▸ **The data**
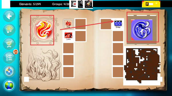 3、点击选择两种元素,再拖动两种初始元素合成新元素,后续可以将新元素不断进行合成。
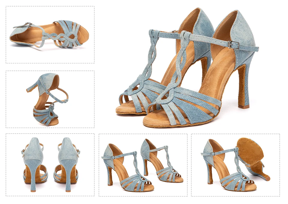 New Sexy stilettos High Heels DENIM Women Latin dance heels Shoes High-Top Dance Sandals for Women Latin Ballroom Dancing Shoes
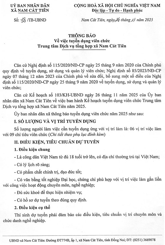 UBND xã Nam Cát Tiên thông báo tuyển dụng viên chức năm 2025 như sau:
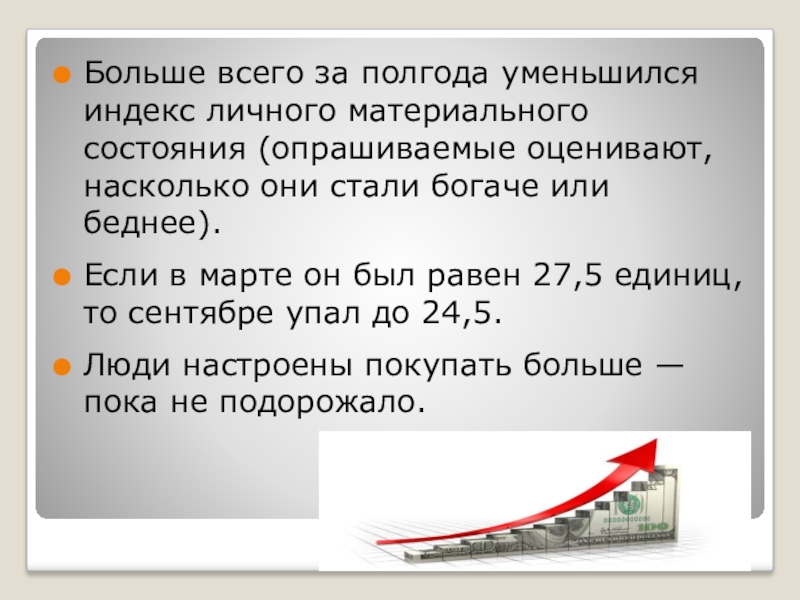 Больше всего за полгода уменьшился индекс личного материального состояния (опрашиваемые оценивают,

▸ **Problem**
What this calls for is the material above set down exactly, pictures excluded.

▸ **Answer to the exercise**
 3、点击选择两种元素,再拖动两种初始元素合成新元素,后续可以将新元素不断进行合成。
 New Sexy stilettos High Heels DENIM Women Latin dance heels Shoes High-Top Dance Sandals for Women Latin Ballroom Dancing Shoes
 UBND xã Nam Cát Tiên thông báo tuyển dụng viên chức năm 2025 như sau:
 Больше всего за полгода уменьшился индекс личного материального состояния (опрашиваемые оценивают,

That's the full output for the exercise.